Ms Susan Mochache, the principal secretary in the Ministry of Health, told the Saturday Nation last evening that in some cases, the cost of managing one patient “is slightly more than Sh1 million”.

NEW CHAPTERS

Dr Njenga, the infectious-disease expert at KNH, said it cost about Sh800,000 to keep Brenda at the facility for three weeks and Sh490,000 for Brian.

The disparity, he explained, depends on the medication used to manage symptoms, the number of tests carried out during the entire stay, and the number of times doctors visit the patient as they have to discard their protective gear, which costs about Sh20,000 per person per session. Bed charges at the facility are Sh4,000 per night.

At the slightly cheaper Mbagathi unit, two black lines on the floor of the entryway usher you into an eerie environment that is somehow made even more terrifying by banks of fluorescent lights on the ceiling.

This entryway is where patients who are confirmed to be positive first enter the isolation unit and receive psychosocial support before they proceed to the wards.

Before they enter the ward, the patients are asked to change into hospital gowns and then proceed through the long stretch that leads to the 60-bed-capacity wards.

On the ground floor is the men’s ward, which was half-full on Friday.
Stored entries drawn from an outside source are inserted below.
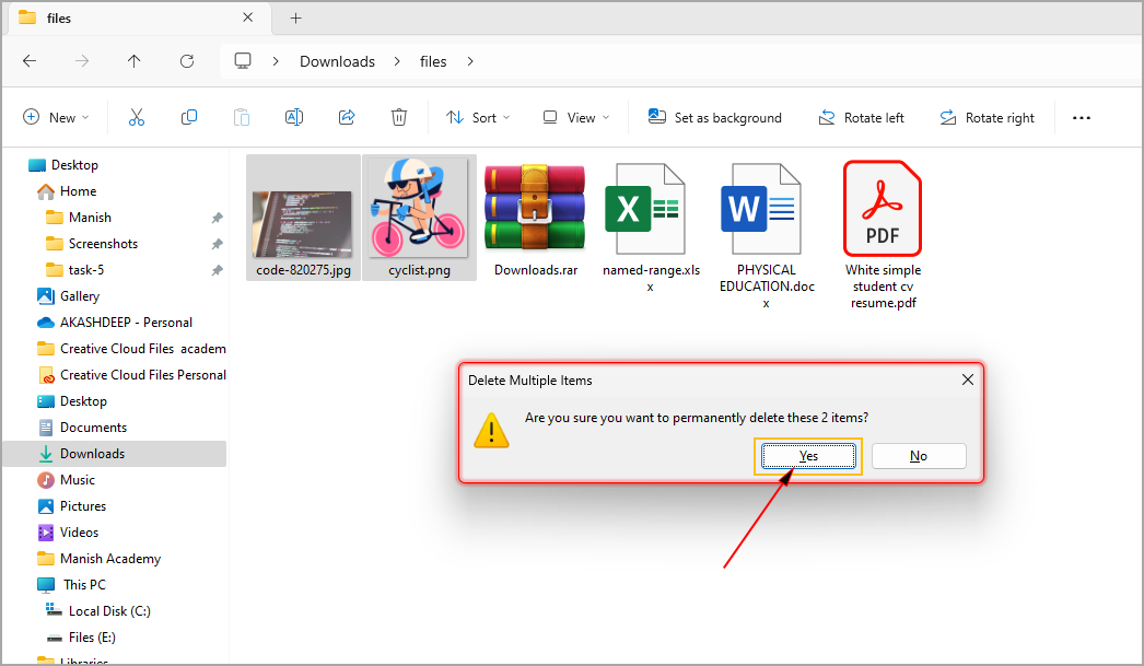 Note: Now, you can't recover these files from the recycle bin. They are deleted permanently.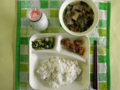 鶏肉のからあげ、中華スープ、キャベツと三度豆の甘酢あえ、ご飯、牛乳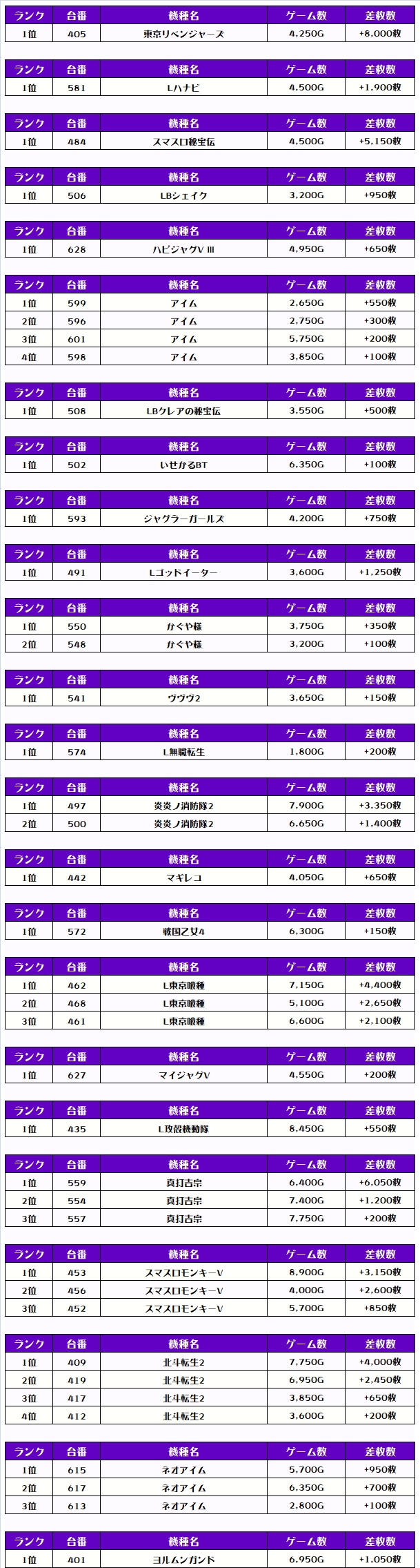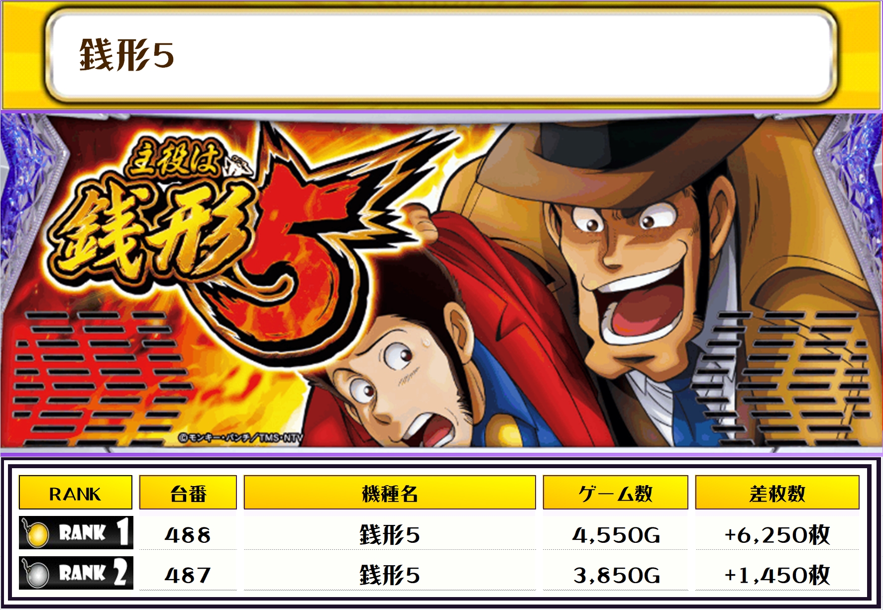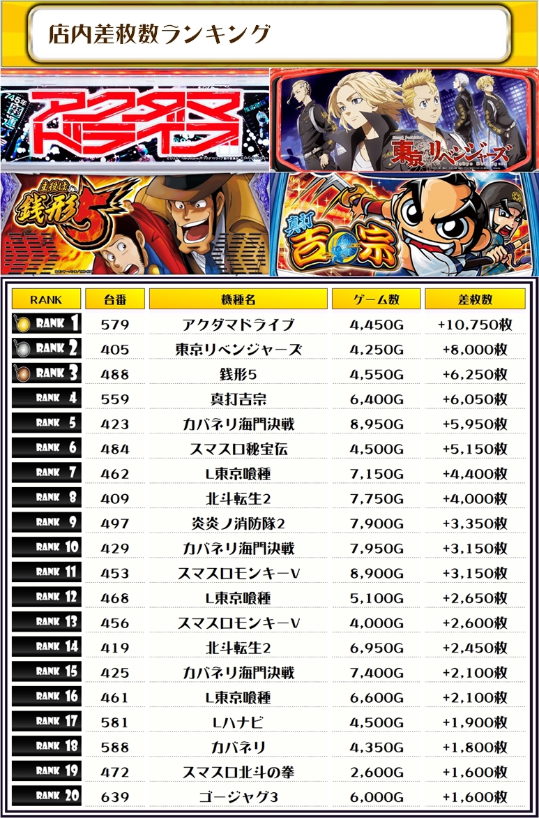 続く2位には【東京リベンジャーズ・405番台】の+8,000枚、そして3位には【銭形5・488番台】の+6,250枚がランクインっ🏆🏆🏆🏆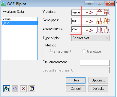 在模型中选择GGE Biplot对话框,在Y-variate中导入产量数据,在Genotype中导入品种数据,在Environments中导入地点数据。点击Run,运行模型。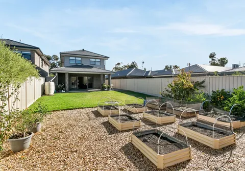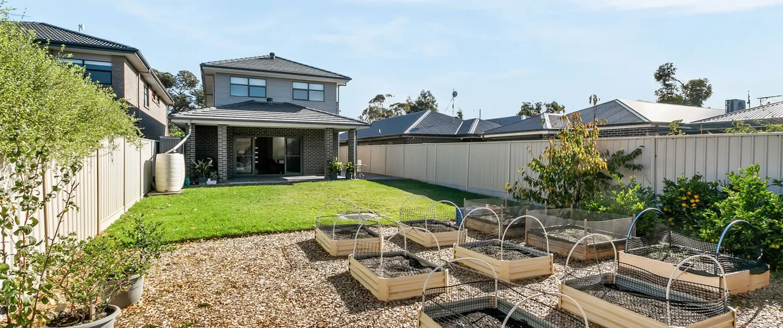 - Large rear yard with vegetable garden featuring apple, plum, lemon, lime, mandarin and cherry plants
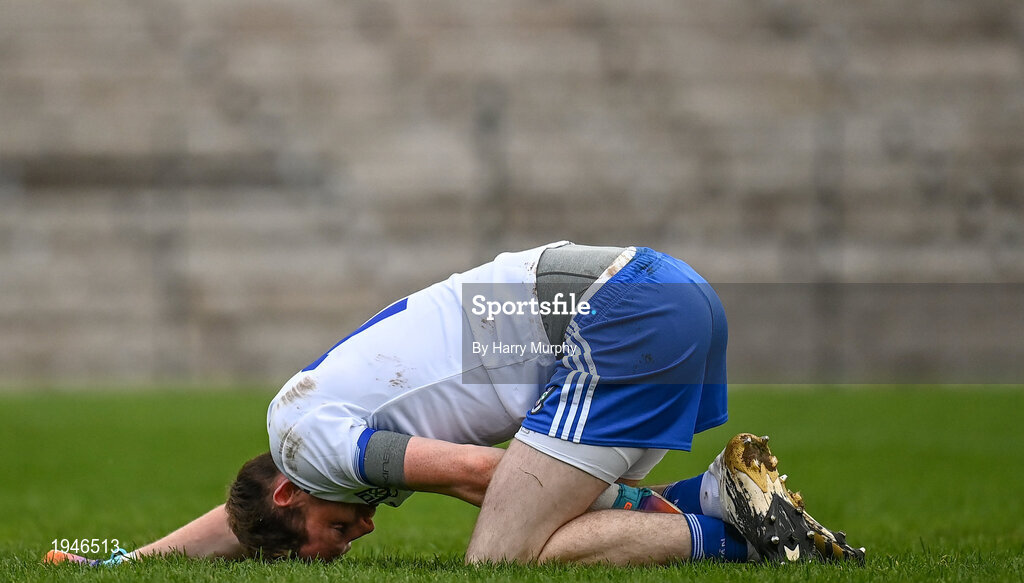 25 October 2020; Conor McManus of Monaghan goes down injured during the Allianz Football League Division 1 Round 7 match between Monaghan and Meath at St Tiernach's Park in Clones, Monaghan. Photo by Harry Murphy/Sportsfile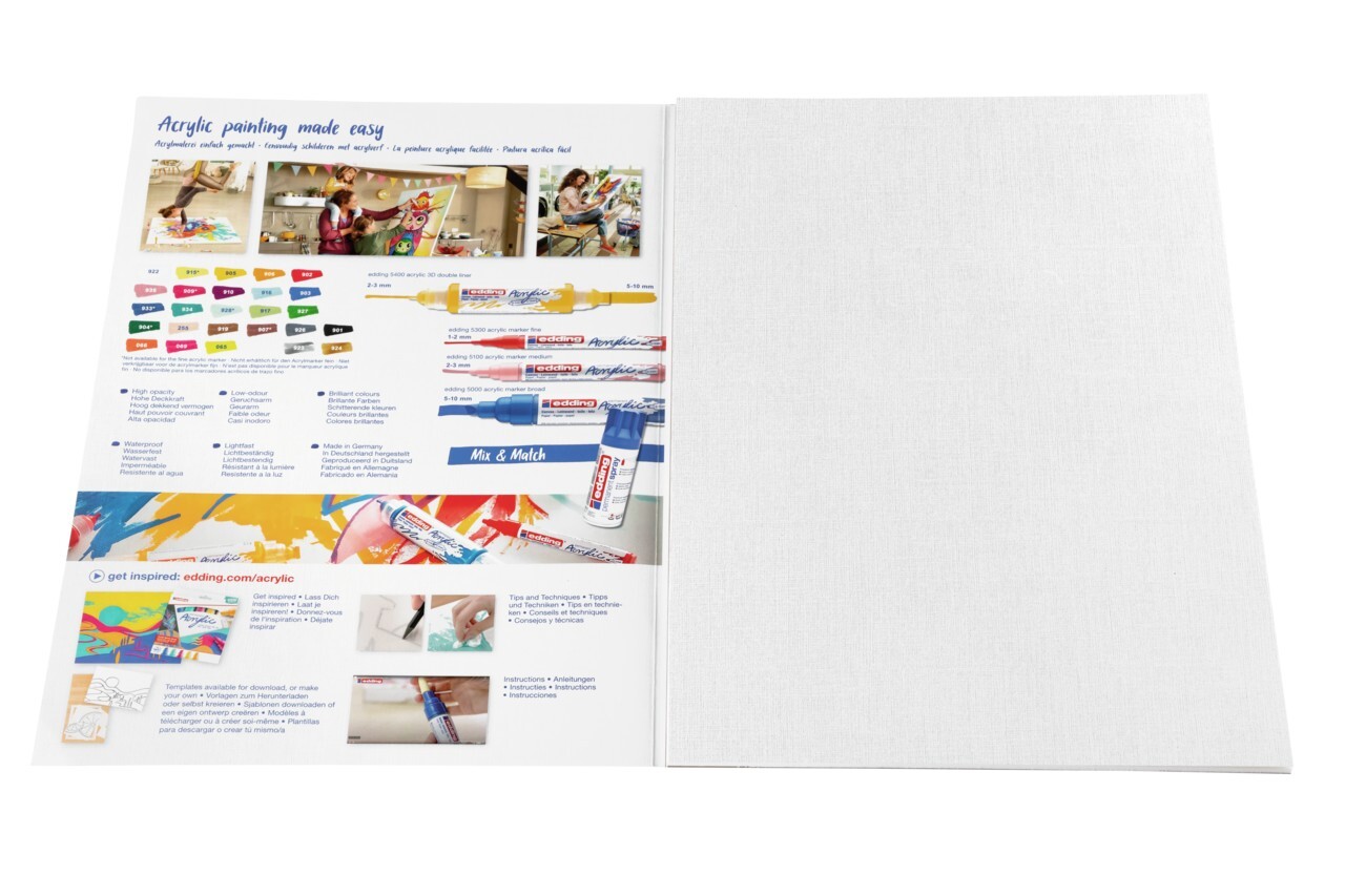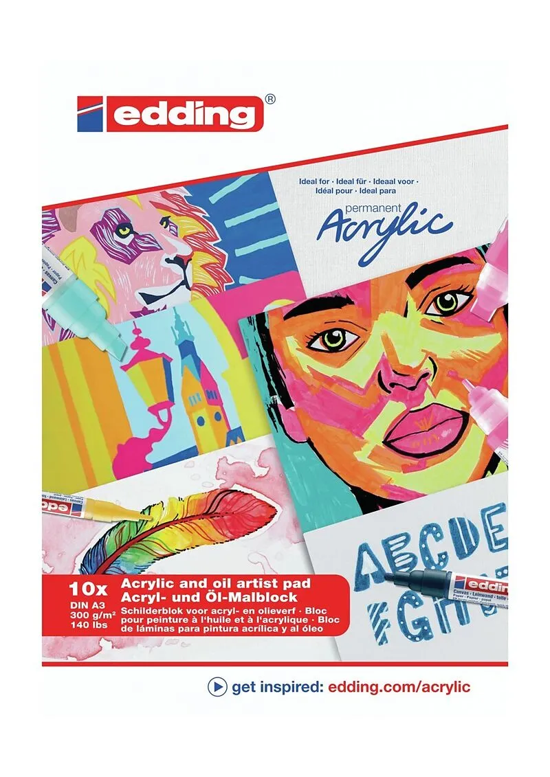 weißAcryl- und Ölmalblock mit 10 Blättern weißem A3-Papier (300 g/m). Einzigartige Papierqualität, speziell auf die Eigenschaften der edding Acrylprodukte abgestimmt. Einzigartige feine Leinenprägung, die an die Textur von Leinwand erinnert. Die besondere Besc...

The patients seem to be doing well enough to walk around freely with masks on.

One patient sits on his bed, his eyes glued to his laptop computer, while his cube mate is listening to music through earphones.

They seem to be home, to have somehow acclimatised to life here. Even in this sorry hospital environment, life must go on.

New friends will be made here. New chapters in the long book of life will start here.

HOMESICK

At the female ward upstairs, the rooms offer more privacy, with doors separating the cubicles.

Again, the patients appear jovial despite the confinement and the ominous threat of the coronavirus hanging over their heads.

Dr Mutua Mbuvi, who is guiding us through the tour, explains what a typical day here looks like, his small speech interrupted by the patients as they cheerily call out his name.

“Usually one doctor, two nurses and a public health worker do ward rounds once a day. We check their vitals and when we are done, the cleaner changes the linens and cleans the floor,” he says.

Back at Kenyatta National Hospital, Haggai has sunk into his bed. “What are you thinking about?” we ask him.

“Nothing,” he replies. “Are you okay? Is there anything we can do for you?” “Maybe you could get me a charger for my phone? I’d like to call my wife.”

“Of course, Haggai. We will get you a charger,” we assure him, and then ask him what he would like us to tell his wife and children even as we get him a charger.

“Tell them I’m fine,” he says. “Tell them I’m coming home to Butere soon.”